Before adding any routing policy, confirm that the gateway correctly forwards traffic to the backend service.

  1. Log on to the MSE console. In the top navigation bar, select a region.

  2. In the left-side navigation pane, choose Cloud-native Gateway > Gateways. Click the name of your gateway.

  3. On the Overview page, click the Gateway Ingress tab. Note the ingress IP address.

    Gateway Ingress tab showing the ingress IP address

    Note

    The ingress IP address belongs to a Server Load Balancer (SLB) instance associated with the gateway. To use a self-managed SLB instance instead, see Manage SLB instances that are specified as Ingresses.

  4. Send a test request:

    curl -I http://<gateway-ingress-ip>/echo-rest/hello

    Replace <gateway-ingress-ip> with the ingress IP address from the previous step. To test your own backend service, replace /echo-rest/hello with its path.

    Expected response:

    HTTP/1.1 200 OK
    Content-Type: text/plain;charset=UTF-8
    Content-Length: 5
    Date: Thu, 29 Aug 2024 08:21:47 GMT
    req-cost-time: 9
    req-arrive-time: 1724919707979
    resp-start-time: 1724919707988
    x-envoy-upstream-service-time: 8
    server: istio-envoy

    An HTTP/1.1 200 OK response confirms the route is working.

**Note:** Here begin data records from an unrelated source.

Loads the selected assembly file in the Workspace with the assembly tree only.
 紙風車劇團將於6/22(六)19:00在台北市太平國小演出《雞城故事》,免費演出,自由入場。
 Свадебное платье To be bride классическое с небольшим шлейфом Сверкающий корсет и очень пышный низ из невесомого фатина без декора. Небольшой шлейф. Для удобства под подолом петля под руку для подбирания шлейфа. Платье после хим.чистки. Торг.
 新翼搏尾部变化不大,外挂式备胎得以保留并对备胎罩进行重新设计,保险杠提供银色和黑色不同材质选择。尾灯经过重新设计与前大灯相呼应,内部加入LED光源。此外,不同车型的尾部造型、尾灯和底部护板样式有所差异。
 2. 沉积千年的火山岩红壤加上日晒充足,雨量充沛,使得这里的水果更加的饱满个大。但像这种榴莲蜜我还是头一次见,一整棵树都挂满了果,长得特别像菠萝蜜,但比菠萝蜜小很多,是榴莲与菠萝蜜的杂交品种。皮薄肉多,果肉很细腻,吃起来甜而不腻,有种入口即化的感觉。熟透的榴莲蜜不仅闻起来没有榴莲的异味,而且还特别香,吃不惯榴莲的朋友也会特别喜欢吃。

Step 3: Add a throttling policy

In high-concurrency scenarios, unthrottled traffic can overload backend services, causing slow responses or outages. A throttling policy monitors the queries per second (QPS) of a route and blocks traffic that exceeds the threshold.

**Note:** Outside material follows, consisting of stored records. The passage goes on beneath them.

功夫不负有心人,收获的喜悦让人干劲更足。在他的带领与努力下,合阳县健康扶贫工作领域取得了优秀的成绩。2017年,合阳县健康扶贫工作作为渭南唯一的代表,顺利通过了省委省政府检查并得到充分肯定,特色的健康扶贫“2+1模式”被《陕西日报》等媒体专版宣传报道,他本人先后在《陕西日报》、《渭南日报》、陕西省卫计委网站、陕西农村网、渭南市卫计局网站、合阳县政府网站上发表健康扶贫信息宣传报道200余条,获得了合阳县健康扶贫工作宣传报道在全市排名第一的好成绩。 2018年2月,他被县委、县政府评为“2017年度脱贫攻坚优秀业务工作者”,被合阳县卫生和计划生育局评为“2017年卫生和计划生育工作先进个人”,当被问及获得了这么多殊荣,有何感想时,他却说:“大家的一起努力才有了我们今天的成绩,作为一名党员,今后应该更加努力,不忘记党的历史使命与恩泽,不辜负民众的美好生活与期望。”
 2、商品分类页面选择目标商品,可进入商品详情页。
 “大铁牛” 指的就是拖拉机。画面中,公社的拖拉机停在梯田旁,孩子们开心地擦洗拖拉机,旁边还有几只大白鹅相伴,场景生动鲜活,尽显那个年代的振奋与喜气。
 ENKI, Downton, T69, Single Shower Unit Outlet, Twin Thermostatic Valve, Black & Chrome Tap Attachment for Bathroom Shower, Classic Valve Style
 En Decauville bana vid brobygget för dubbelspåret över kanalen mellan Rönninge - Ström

For a full list of routing policies, see Routing policies.

Configure the throttling rule

  1. Log on to the MSE console. In the top navigation bar, select a region.

  2. In the left-side navigation pane, choose Cloud-native Gateway > Gateways. Click the name of your gateway.

  3. Click Routes. Find the route you created and click Policies in the Actions column.

  4. In the Policies section, click the Throttling tab, then click Flow control rules.

  5. On the Throttling Rules tab, configure the following parameters:

    ParameterDescriptionExample
    Overall QPS ThresholdMaximum requests per second allowed for this route.1
    Web Fallback BehaviorAction when the threshold is exceeded. Options: Returns the specified content or Jump to the specified page.Returns the specified content
    HTTP status codeStatus code returned when a request is throttled. Default: 429.429
    Returned Content-TypeFormat of the response body. Options: Plain text or JSON.Plain text
    HTTP TextCustom message returned to throttled requests.springcloud-demo flow limit
    Whether to openToggle to enable or disable the rule.image

    Throttling rules configuration

  6. Click New to create the rule, or click Save to update an existing rule. In the confirmation dialog, click OK.

Verify the throttling policy

Send rapid consecutive requests to trigger the throttling threshold. Use the script for your operating system:

Linux / macOS

#!/bin/bash

URL="http://<gateway-ingress-ip>/echo-rest/hello"

while true; do
    curl -i -s $URL
done

Windows

@echo off

set "localUrl=http://<gateway-ingress-ip>/echo-rest/hello"

:loop
curl -i -s %localUrl%

goto loop

Replace <gateway-ingress-ip> with the ingress IP address of your gateway.

Once QPS exceeds the threshold, the gateway returns 429 Too Many Requests:

HTTP/1.1 429 Too Many Requests
content-type: text/plain; charset=UTF-8
content-length: 26
date: Thu, 29 Aug 2024 08:54:46 GMT
server: istio-envoy

springcloud-demo flow limit

Requests within the threshold continue to return 200 OK:

HTTP/1.1 200 OK
Content-Type: text/plain;charset=UTF-8
Content-Length: 5
Date: Thu, 29 Aug 2024 08:54:46 GMT
req-cost-time: 8
req-arrive-time: 1724921686961
resp-start-time: 1724921686970
x-envoy-upstream-service-time: 7
server: istio-envoy

The mixed output confirms throttling is working. Requests that exceed the QPS threshold return 429, while those within the limit return 200.